Fazan (often stylized as FAZAN) is a Romanian mental skill word game for two or more players.

== Description ==
At the start of the game, the first player audibly says "A!" and goes through the entire alphabet in their head, starting over if needed. The second player interrupts after a while and the first player announces the letter they had gotten to at that moment. The second player then must say a word starting with that letter. Some rule sets imply that the player has 5 seconds to find a word.

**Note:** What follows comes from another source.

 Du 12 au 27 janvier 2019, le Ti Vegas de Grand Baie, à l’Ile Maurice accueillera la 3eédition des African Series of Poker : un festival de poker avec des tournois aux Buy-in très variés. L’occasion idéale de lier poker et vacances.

The game continues with each player naming a word starting with the last two letters of the word said by the previous player. (For example if a player says "ananas", the next player has to find a word starting with "as", such as "aspirină"). When a player can no longer find such a word, he is trapped. Every time a player is trapped he gets assigned a letter from the word "fazan". For example, after getting trapped once he "is F", if he gets trapped twice he "is FA" and so on until he gets trapped five times, resulting in him being out of the game. The game continues until all players but one are out.

== Players ==
Although it can be played with any number of players, Fazan is mostly played in two. Due to it requiring a good knowledge of vocabulary, it's often played with preschoolers to improve their language skills, often being considered a typical childhood game. However, because it's a relatively simple game and because it can be played without pen and paper, it's spread to the wider population as a game to lighten up the mood on a lengthy trip.

== Rules ==
There isn't an official rule set for Fazan. Most of the times, the players agree on their own house rules regarding what words are valid. More often than not proper nouns, inflected forms of words, onomatopoeias and conjugated verbs are not allowed, the form of words as they appear in dictionaries is exclusively allowed. Repeating a word already used to trap someone, either by one's self or by another player is also often forbidden. Words consisting of only two letters are also forbidden, being considered too short.

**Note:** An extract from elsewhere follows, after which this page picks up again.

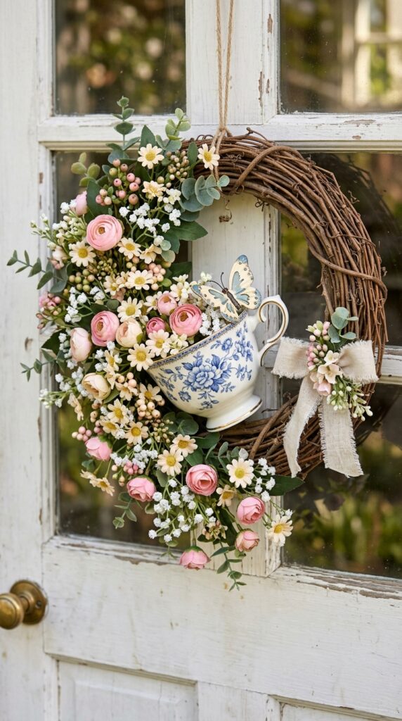 A wreath with a teacup overflowing with blooms is the most storybook thing you can create for a cottage-style front door — whimsical, specific, and completely unmistakable.

Trapping a player in the first cycle of players saying words is often forbidden.

Some versions of the game ignore diacritics, for example letting you equate "lă" with "la".

== The goal ==
The immediate goal of the game is trapping other players. So, seeking a trap word, as in a word that doesn't allow the other player to continue, is a large part of the game's strategy. You can trap the next player directly or help the next player by playing a word that allows them to trap the next player.

== Ntur ==
The most common termination of a trap word is "nt". Recently the word "ntur" has gotten popular for presumably letting you continue the game after being trapped with "nt". The word appeared in the Dictionary of archaisms and regionalisms written by Gh. Bulgăr, the Gh. Constantinescu-Dobridor and also appears in the second edition of "the Little Academical Dictionary" published by the Institute of Linguistics of the Romanian Academy. The word often ranks on the top of the most searched words on Dexonline, an open Romanian dictionary platform. Some allow it in their games while some consider it invalid.